General Procedure for the One-Pot Synthesis of 3 (According to Table 1, Entries 1, 3-6)
In a 5 mL round-bottom flask a mixture of enoate 1 (1.0 mmol) and benzylamine (2, 241.5 µL, 2.2 mmol) was stirred for 3-96 h at 60 ˚C. After adding 50 mg (entries 1, 3, 5, and 6) or 60 mg (entry 4) of a lipase from Candida antarctica B (lipase CAL-B, Novozym 435), the reaction mixture was stirred for further 18-48 h. The crude product was dissolved in MTBE. After filtration from the solid enzyme, the organic phase was concentrated to dryness under vacuo. The resulting oily product was purified by means of column chromatography [entries 1-4: EtOAc-2-PrOH (95:5, v/v), 0.2% Et₂NH; R _f = 3a (0.62), 4a (0.22), 3b (0.66), 4b (0.22), 3c (0.50), 4c (0.16); entry 6: cyclohexane-EtOAc (3:1, v/v); R _f = 3e (0.60), 4e (0.13)]. The ee was determined by chiral HPLC chromatography (compounds 3a,b,e, and 4c: Chiracel OJ-H column; compounds 4a,e: Chiracel AD-H column) with hexane-2-PrOH-diethylamine in a ratio of 95:5:0.1 or 99:1:0.1 as eluent or NMR spectroscopy with Eu(hfc)₃ (compounds 3c, 4b). The absolute configuration of 3a was assigned according to the direction of optical rotation of the product 6 after derivatization (see Scheme 3) and its comparison with the literature value given in ref. 12. The absolute configuration of the other esters 3b,c,e has been assigned in analogy to the result in case of 3a. The spectral data of the ester products (S)-3a-c, (R)-3e were in accordance with literature data. The amides 4a-c, e have been fully characterized (data will be published elsewhere).

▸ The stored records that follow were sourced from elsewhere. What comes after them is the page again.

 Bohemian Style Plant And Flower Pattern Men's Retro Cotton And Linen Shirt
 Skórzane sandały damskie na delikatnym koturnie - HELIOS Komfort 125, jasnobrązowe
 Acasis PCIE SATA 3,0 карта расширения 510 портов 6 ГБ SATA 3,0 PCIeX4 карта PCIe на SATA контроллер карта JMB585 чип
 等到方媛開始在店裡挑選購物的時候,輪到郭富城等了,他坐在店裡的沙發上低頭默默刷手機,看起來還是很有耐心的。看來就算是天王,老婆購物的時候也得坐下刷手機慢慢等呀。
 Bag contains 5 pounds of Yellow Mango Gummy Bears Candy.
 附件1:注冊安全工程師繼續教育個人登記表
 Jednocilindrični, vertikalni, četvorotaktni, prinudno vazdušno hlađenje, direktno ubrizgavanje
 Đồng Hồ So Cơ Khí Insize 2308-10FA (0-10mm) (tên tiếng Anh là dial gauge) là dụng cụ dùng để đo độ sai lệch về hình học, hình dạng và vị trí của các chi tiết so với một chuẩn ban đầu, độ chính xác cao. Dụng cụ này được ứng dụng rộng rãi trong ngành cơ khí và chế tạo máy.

For the enzymatic resolution of rac-3a with benzylamine as amine and lipase CAL-B as biocatalyst under solvent free conditions at 60 ˚C, an E value of 27 has been obtained for this aminolysis reaction (data not shown).

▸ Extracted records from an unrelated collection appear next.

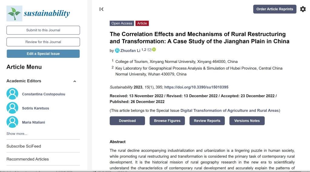 四虎影院 李卓凡博士在SSCI期刊《sustainability》(2022年影响因子:3.889)上发表题为“The Correlation Effects and Mechanisms of Rural Restructuring and Transformation: A Case Study of the Jianghan Plain in China”的学术论文。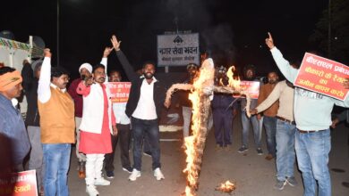 विस्थापितों ने किया सांसद ढुलू महतो का पुतला दहन।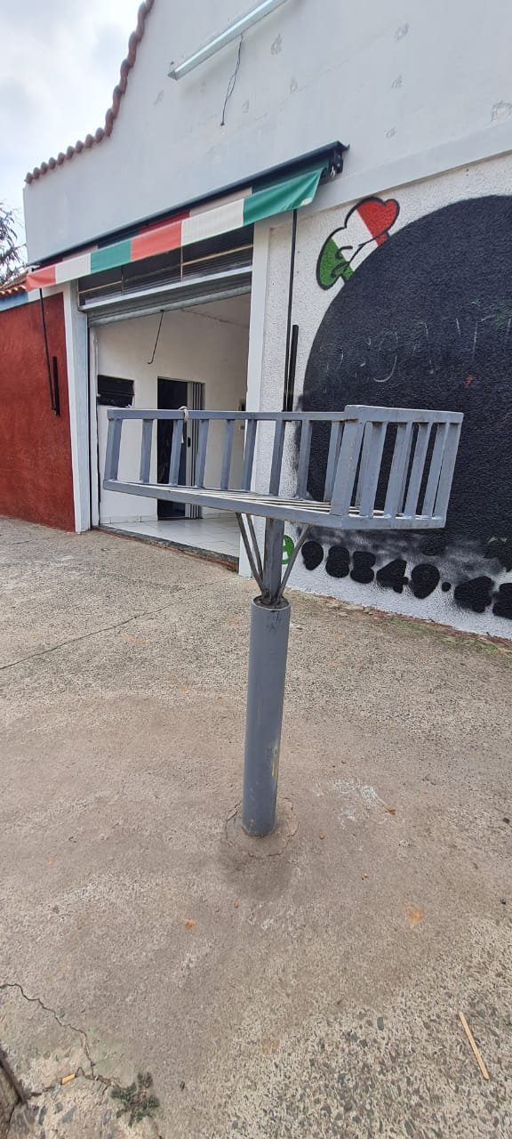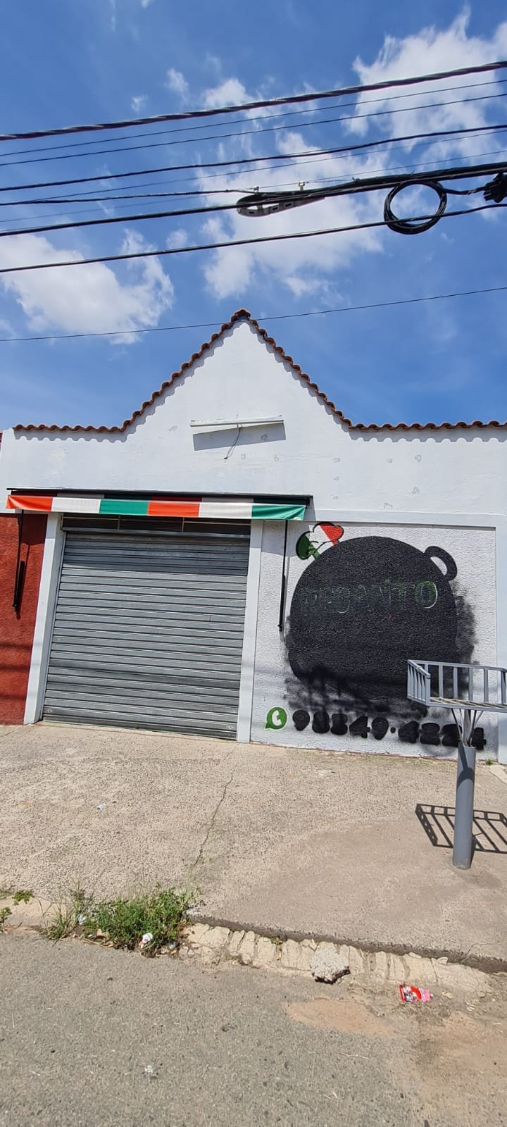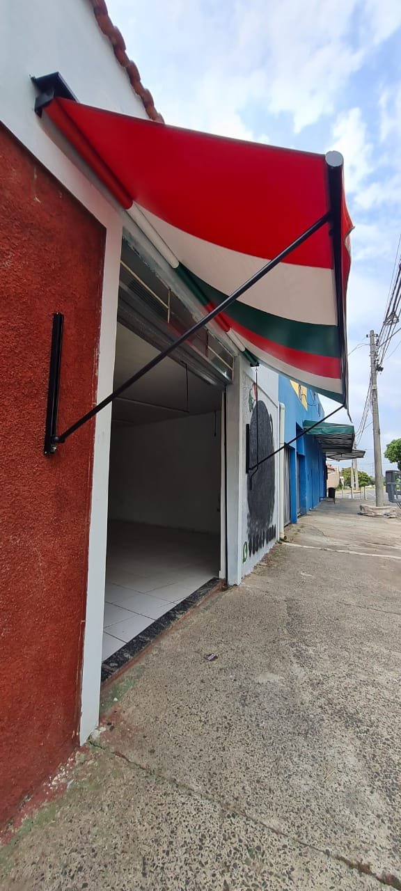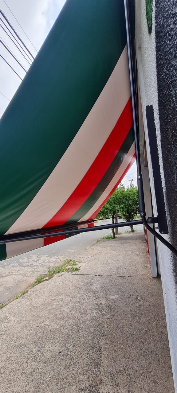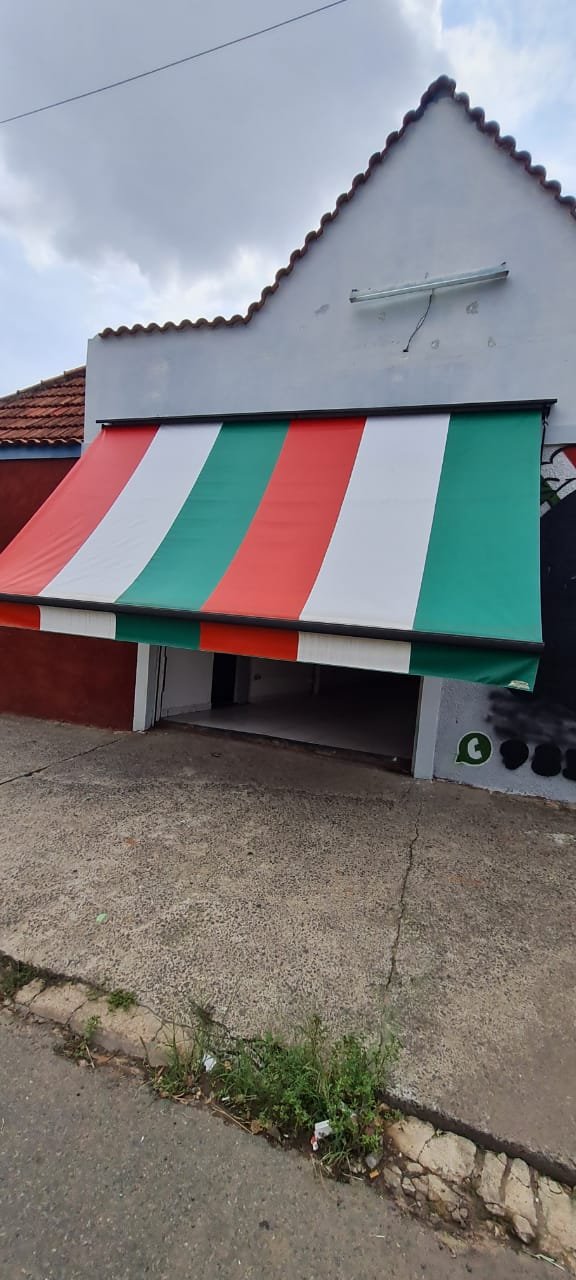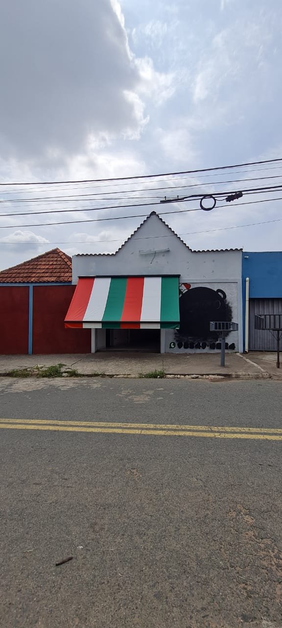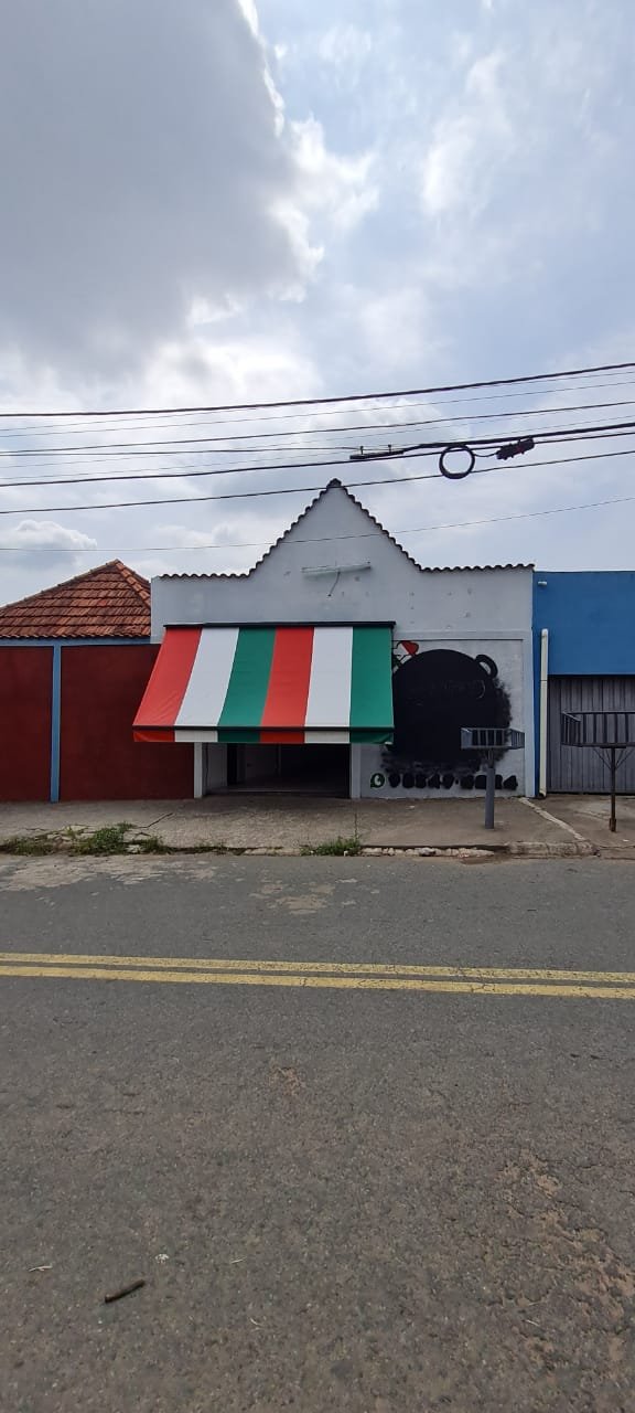 Fachada:- Piso em concreto desempenado com trincas desgaste natural do tempo o restante em ordem, fachada com textura com a pintura cinza e preto o restante em ordem, porta de aço com a ferragens em ordem, soleira de mármore em ordem, toldo em nas cores verde, branco e vermelho com alça para abertura em ordem, 01 lâmpada tubular em ordem, 01 lixeira chumbada na calçada em ferro com a pintura na cor cinza em ordem,

Procedure for the Synthesis of ( S )-β-Amino Butyric Acid, ( S )-6 (According to Scheme 3) In a 10 mL round-bottom flask 4.32 mmol of (S)-ethyl 3-(benzylamino)butanoate [(S)-3a, 955 mg, >99% ee] was dissolved in 25 mL of 6 N HCl and heated to reflux overnight for 18 h. After completion of the reaction remaining solvent was evaporated under reduced pressure at 60 ˚C. The resulting crude product was dissolved in 15 mL AcOH-H₂O (1:1, v/v) and transferred to a ‘Fischer-Porter bottle’. After addition of Pd(OH)₂/C (450 mg), the bottle was evacuated and flushed with inert gas for three times. After evacuation of the inert gas, the bottle was filled with hydrogen (60 psi corresponding to 0.41 MPa) and heated to 65-70 ˚C for 22 h. The reaction mixture was filtered through a thin plug of SiO₂. The resulting hydrochloride of (S)-6 was obtained as a white solid after evaporation of the solvent at reduced pressure at 60 ˚C. The desired product (S)-amino butanoic acid, (S)-6, was obtained in isolated form after Dowex^® ion-exchange chromatography. The spectral data of (S)-6 were in accordance with literature data. Optical rotation data: [α]_D ^²5 +32.1 (c 0.6, H₂O); for comparison, see ref. 12b: [α]_D ^²5 +32.0 (c 0.6, H₂O).